> RECORD EXTRACTS
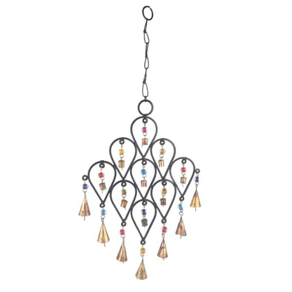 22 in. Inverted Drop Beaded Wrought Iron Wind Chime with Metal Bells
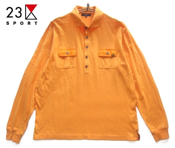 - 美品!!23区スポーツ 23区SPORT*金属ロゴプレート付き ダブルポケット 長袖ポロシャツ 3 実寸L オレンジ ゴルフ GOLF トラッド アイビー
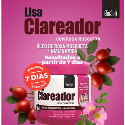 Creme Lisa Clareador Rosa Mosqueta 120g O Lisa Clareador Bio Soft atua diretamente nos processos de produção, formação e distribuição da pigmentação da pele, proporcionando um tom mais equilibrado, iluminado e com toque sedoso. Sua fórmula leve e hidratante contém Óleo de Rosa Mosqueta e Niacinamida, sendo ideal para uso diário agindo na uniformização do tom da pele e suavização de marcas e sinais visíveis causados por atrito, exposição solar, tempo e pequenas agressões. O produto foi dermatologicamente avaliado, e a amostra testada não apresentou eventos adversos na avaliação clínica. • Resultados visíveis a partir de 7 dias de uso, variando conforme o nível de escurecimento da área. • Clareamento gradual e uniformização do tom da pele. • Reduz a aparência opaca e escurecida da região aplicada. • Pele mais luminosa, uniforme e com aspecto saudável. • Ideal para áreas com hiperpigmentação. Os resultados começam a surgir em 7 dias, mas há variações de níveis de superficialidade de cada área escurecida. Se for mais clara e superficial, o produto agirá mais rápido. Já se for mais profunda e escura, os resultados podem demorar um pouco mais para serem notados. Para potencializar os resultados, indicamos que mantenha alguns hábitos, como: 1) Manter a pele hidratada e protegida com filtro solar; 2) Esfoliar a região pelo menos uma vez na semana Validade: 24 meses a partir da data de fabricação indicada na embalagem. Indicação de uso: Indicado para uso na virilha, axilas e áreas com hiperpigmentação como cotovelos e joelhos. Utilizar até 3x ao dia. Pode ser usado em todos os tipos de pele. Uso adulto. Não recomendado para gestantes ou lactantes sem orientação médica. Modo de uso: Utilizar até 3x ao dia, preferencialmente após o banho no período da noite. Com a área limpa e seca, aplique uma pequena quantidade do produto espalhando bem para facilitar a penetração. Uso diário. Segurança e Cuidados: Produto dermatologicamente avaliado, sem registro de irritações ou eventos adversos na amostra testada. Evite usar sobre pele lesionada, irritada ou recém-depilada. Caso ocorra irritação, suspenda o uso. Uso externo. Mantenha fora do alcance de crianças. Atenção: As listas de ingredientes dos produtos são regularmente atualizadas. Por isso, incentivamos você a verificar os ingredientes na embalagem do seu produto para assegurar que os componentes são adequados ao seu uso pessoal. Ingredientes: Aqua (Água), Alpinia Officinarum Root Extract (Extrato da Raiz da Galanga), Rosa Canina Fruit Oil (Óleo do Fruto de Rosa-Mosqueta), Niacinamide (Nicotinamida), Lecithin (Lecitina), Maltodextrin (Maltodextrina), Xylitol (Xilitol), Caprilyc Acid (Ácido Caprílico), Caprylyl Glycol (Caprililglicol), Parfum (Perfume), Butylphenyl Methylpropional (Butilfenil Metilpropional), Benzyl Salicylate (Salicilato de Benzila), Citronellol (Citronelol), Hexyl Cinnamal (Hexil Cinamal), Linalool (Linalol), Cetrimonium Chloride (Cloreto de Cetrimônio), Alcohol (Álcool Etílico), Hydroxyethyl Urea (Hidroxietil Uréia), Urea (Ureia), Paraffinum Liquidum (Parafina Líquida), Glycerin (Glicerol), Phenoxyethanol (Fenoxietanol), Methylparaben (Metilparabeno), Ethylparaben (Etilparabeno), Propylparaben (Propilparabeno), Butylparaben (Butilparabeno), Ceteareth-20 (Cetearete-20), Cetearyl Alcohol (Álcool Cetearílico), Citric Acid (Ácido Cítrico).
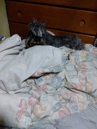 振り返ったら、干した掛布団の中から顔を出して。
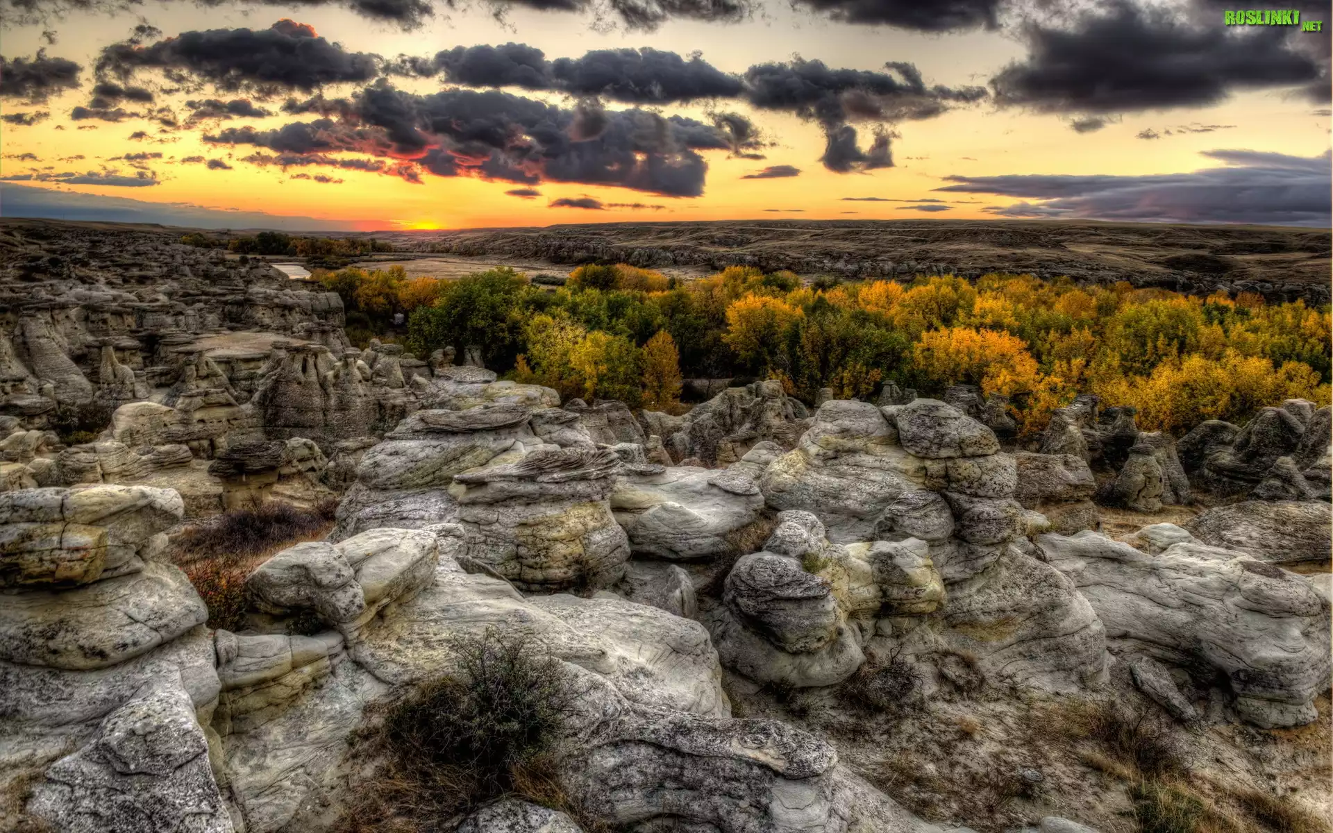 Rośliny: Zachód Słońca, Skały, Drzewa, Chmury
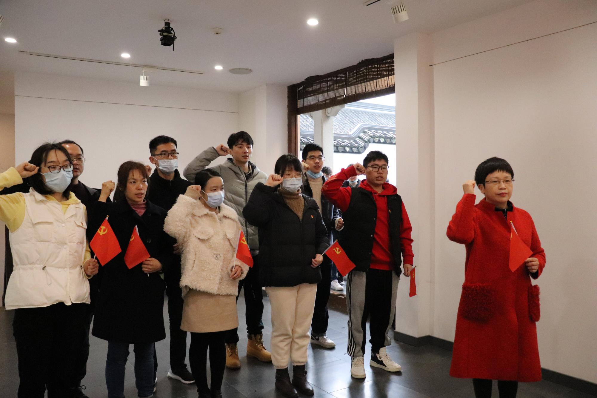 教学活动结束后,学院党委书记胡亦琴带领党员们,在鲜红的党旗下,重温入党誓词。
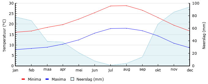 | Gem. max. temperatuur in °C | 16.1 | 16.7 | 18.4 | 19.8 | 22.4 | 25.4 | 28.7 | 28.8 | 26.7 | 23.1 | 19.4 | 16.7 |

> WHAT TO WORK ON
Pictures are not part of the copy. Restate everything else in the listing word for word.

> RESULT OF THE TASK
 22 in. Inverted Drop Beaded Wrought Iron Wind Chime with Metal Bells
 - 美品!!23区スポーツ 23区SPORT*金属ロゴプレート付き ダブルポケット 長袖ポロシャツ 3 実寸L オレンジ ゴルフ GOLF トラッド アイビー
 Creme Lisa Clareador Rosa Mosqueta 120g O Lisa Clareador Bio Soft atua diretamente nos processos de produção, formação e distribuição da pigmentação da pele, proporcionando um tom mais equilibrado, iluminado e com toque sedoso. Sua fórmula leve e hidratante contém Óleo de Rosa Mosqueta e Niacinamida, sendo ideal para uso diário agindo na uniformização do tom da pele e suavização de marcas e sinais visíveis causados por atrito, exposição solar, tempo e pequenas agressões. O produto foi dermatologicamente avaliado, e a amostra testada não apresentou eventos adversos na avaliação clínica. • Resultados visíveis a partir de 7 dias de uso, variando conforme o nível de escurecimento da área. • Clareamento gradual e uniformização do tom da pele. • Reduz a aparência opaca e escurecida da região aplicada. • Pele mais luminosa, uniforme e com aspecto saudável. • Ideal para áreas com hiperpigmentação. Os resultados começam a surgir em 7 dias, mas há variações de níveis de superficialidade de cada área escurecida. Se for mais clara e superficial, o produto agirá mais rápido. Já se for mais profunda e escura, os resultados podem demorar um pouco mais para serem notados. Para potencializar os resultados, indicamos que mantenha alguns hábitos, como: 1) Manter a pele hidratada e protegida com filtro solar; 2) Esfoliar a região pelo menos uma vez na semana Validade: 24 meses a partir da data de fabricação indicada na embalagem. Indicação de uso: Indicado para uso na virilha, axilas e áreas com hiperpigmentação como cotovelos e joelhos. Utilizar até 3x ao dia. Pode ser usado em todos os tipos de pele. Uso adulto. Não recomendado para gestantes ou lactantes sem orientação médica. Modo de uso: Utilizar até 3x ao dia, preferencialmente após o banho no período da noite. Com a área limpa e seca, aplique uma pequena quantidade do produto espalhando bem para facilitar a penetração. Uso diário. Segurança e Cuidados: Produto dermatologicamente avaliado, sem registro de irritações ou eventos adversos na amostra testada. Evite usar sobre pele lesionada, irritada ou recém-depilada. Caso ocorra irritação, suspenda o uso. Uso externo. Mantenha fora do alcance de crianças. Atenção: As listas de ingredientes dos produtos são regularmente atualizadas. Por isso, incentivamos você a verificar os ingredientes na embalagem do seu produto para assegurar que os componentes são adequados ao seu uso pessoal. Ingredientes: Aqua (Água), Alpinia Officinarum Root Extract (Extrato da Raiz da Galanga), Rosa Canina Fruit Oil (Óleo do Fruto de Rosa-Mosqueta), Niacinamide (Nicotinamida), Lecithin (Lecitina), Maltodextrin (Maltodextrina), Xylitol (Xilitol), Caprilyc Acid (Ácido Caprílico), Caprylyl Glycol (Caprililglicol), Parfum (Perfume), Butylphenyl Methylpropional (Butilfenil Metilpropional), Benzyl Salicylate (Salicilato de Benzila), Citronellol (Citronelol), Hexyl Cinnamal (Hexil Cinamal), Linalool (Linalol), Cetrimonium Chloride (Cloreto de Cetrimônio), Alcohol (Álcool Etílico), Hydroxyethyl Urea (Hidroxietil Uréia), Urea (Ureia), Paraffinum Liquidum (Parafina Líquida), Glycerin (Glicerol), Phenoxyethanol (Fenoxietanol), Methylparaben (Metilparabeno), Ethylparaben (Etilparabeno), Propylparaben (Propilparabeno), Butylparaben (Butilparabeno), Ceteareth-20 (Cetearete-20), Cetearyl Alcohol (Álcool Cetearílico), Citric Acid (Ácido Cítrico).
 振り返ったら、干した掛布団の中から顔を出して。
 Rośliny: Zachód Słońca, Skały, Drzewa, Chmury
 教学活动结束后,学院党委书记胡亦琴带领党员们,在鲜红的党旗下,重温入党誓词。
 | Gem. max. temperatuur in °C | 16.1 | 16.7 | 18.4 | 19.8 | 22.4 | 25.4 | 28.7 | 28.8 | 26.7 | 23.1 | 19.4 | 16.7 |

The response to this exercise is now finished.